Would you please write out only the lines running from the top of the listing through the one holding "Een uniek jubileum", exactly, with both ends kept and pictures left out?

[[ THE DATA open ]]

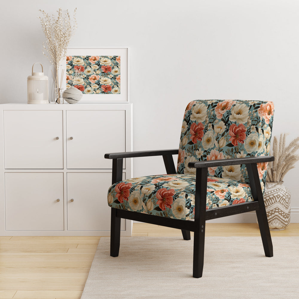 Add a beautiful accent to any room with this Cottage accent chair. Our beautiful accent chairs are a great way to add comfort and style all at the same time. All our chairs are printed using the richest colors stemming from high density Italian ink and sewn using the softest fabrics. Enjoy our sturdy hardwood frame chairs in multiple designs and colors.
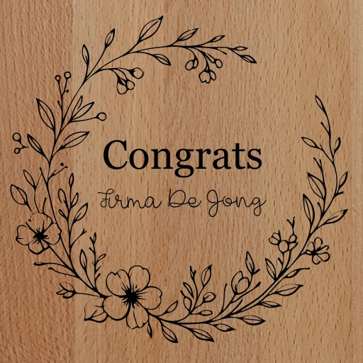 Een uniek jubileum wenskaartje met gegraveerde bloemenkrans. Pas het ontwerp naar wens aan in onze online editor. Let op: Tekst en afbeeldingen lijken zwart op het voorbeeld, maar worden donkerbruin gegraveerd. Er wordt geen kleur gedrukt.
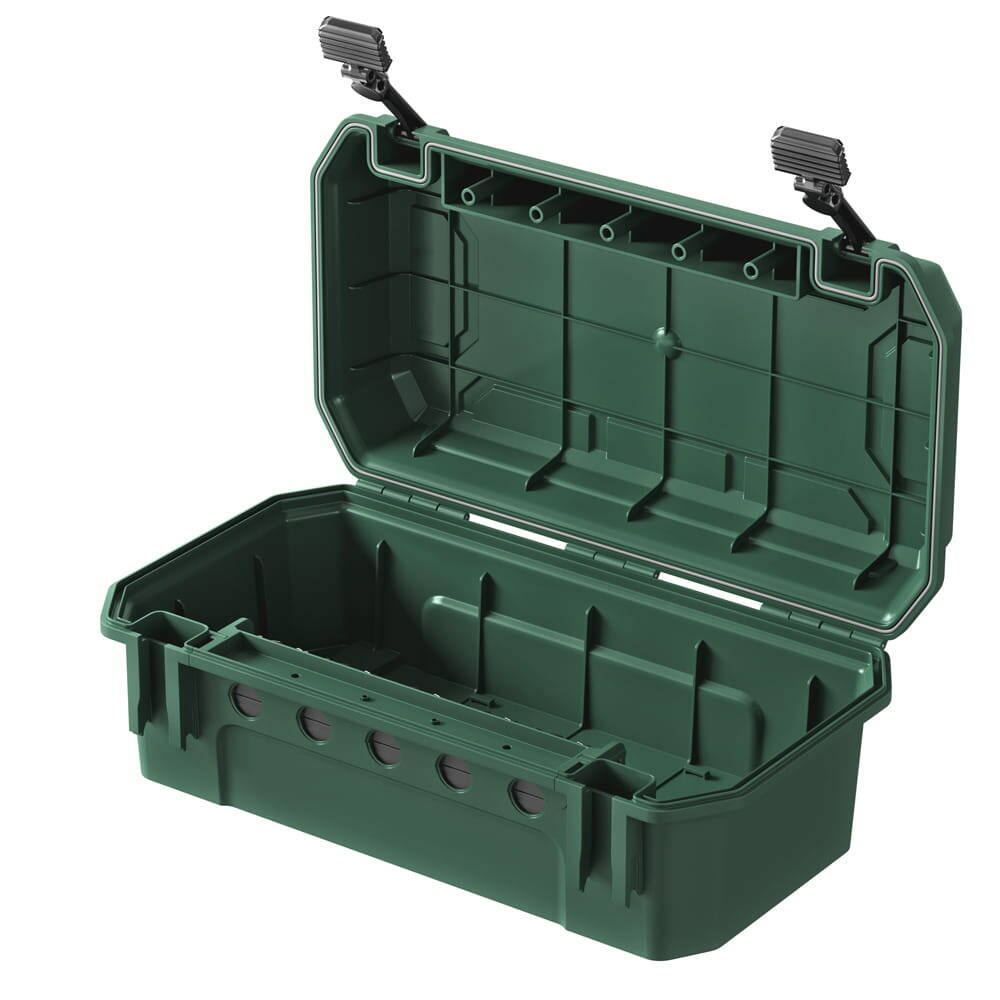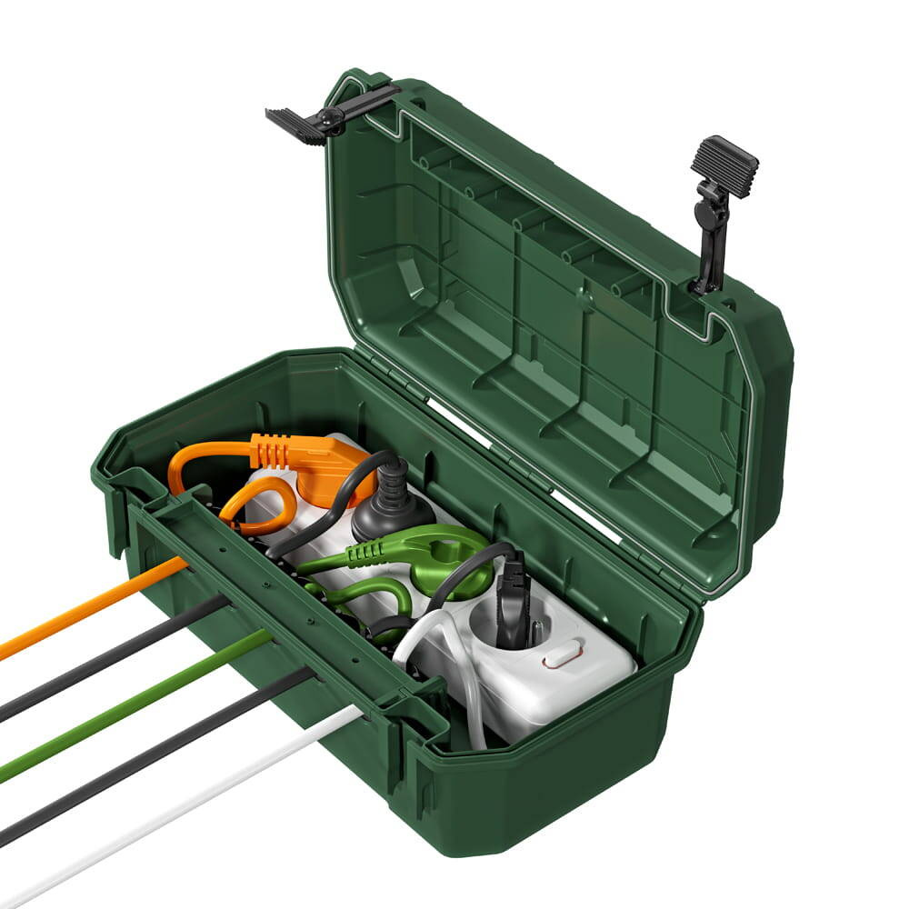 • Solidna konstrukcja pomieści między innymi listwy zasilające, przewody, wyłączniki czasowe czy odbiorniki radiowe.

[[ THE DATA closed ]]

▸ **PROBLEM SOLUTION**
 Add a beautiful accent to any room with this Cottage accent chair. Our beautiful accent chairs are a great way to add comfort and style all at the same time. All our chairs are printed using the richest colors stemming from high density Italian ink and sewn using the softest fabrics. Enjoy our sturdy hardwood frame chairs in multiple designs and colors.
 Een uniek jubileum wenskaartje met gegraveerde bloemenkrans. Pas het ontwerp naar wens aan in onze online editor. Let op: Tekst en afbeeldingen lijken zwart op het voorbeeld, maar worden donkerbruin gegraveerd. Er wordt geen kleur gedrukt.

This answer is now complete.